The second balancer weight 31 has the same shape as the first balancer weight 10 and is fixed to the outer peripheral portion of the other end 9b of the balancer shaft 9 . The second balancer weight 31 is formed in the shape of a fan whose diameter is expanded while being radially deviated 180 degrees from the first balancer weight 10 about the rotation axis of the balancer shaft 9 . The second balancer weight 31 is screwed into a threaded hole (not shown) in the axial end face 9e of the balancer shaft 9 on the other end 9b side by means of a bolt 33 via a weight through hole 31a penetrating in the thickness direction thereof. It is attached and fixed to the balancer shaft 9 by .

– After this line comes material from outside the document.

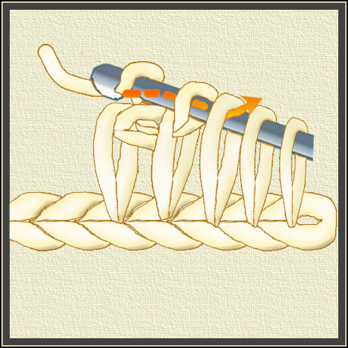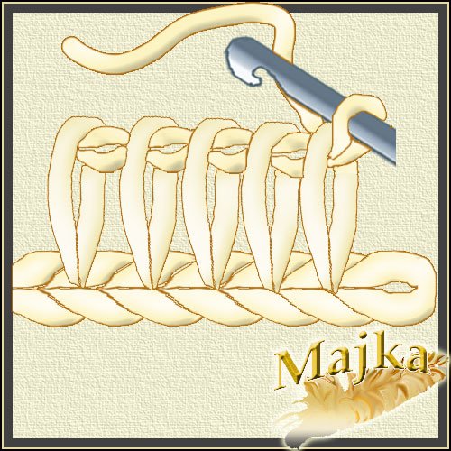 Na szydełko nabieramy nowe pętelki, przeciągając nitkę przez oczko łańcuszka rzędu powrotnego.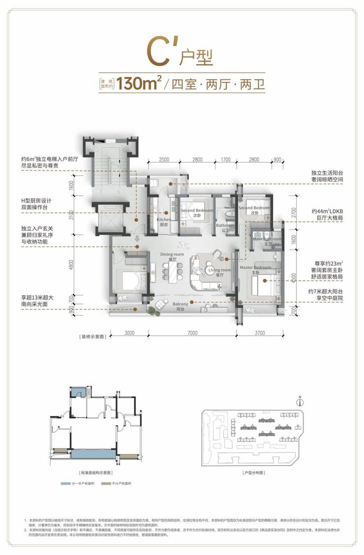 130㎡:双开门独立玄关,全景阳台瞰景

The bearing housing 16 is made of a metal material, such as iron, which has a larger unit volume weight (weight per unit volume) than the balancer housing 8 made of aluminum. Note that the bearing housing 16 may be made of cast iron. The bearing housing 16 supports the oil pump shaft 11 of the oil pump 7 and covers the entire circumference with respect to the rotation axis of the oil pump shaft 11 parallel to the rotation axis of the balancer shaft 9 in the circumferential direction with respect to the rotation axis of the oil pump shaft 11 . It protrudes in a rectangular shape toward the balancer housing 8 from the mating surface 16a of the bearing housing 16 which is joined to the covering shaft support portion 16g, the base portion mating surface 17d and the projecting portion mating surface 18a, and is fitted into the recessed portion 17e of the balancer housing 8. It has a convex portion 16h and a pair of attachment portions 16b and 16c that protrude outward from both sides of the shaft support portion 16g and serve for attachment to the base portion matching surface 17d and the projecting portion matching surface 18a. It should be noted that the shaft support portion 16g does not need to be covered entirely by the bearing housing 16 in the circumferential direction, and the bearing housing 16 and a member formed separately from the bearing housing 16 according to the layout. A part or the whole of the shaft support portion 16g may be covered with a cap member or the like.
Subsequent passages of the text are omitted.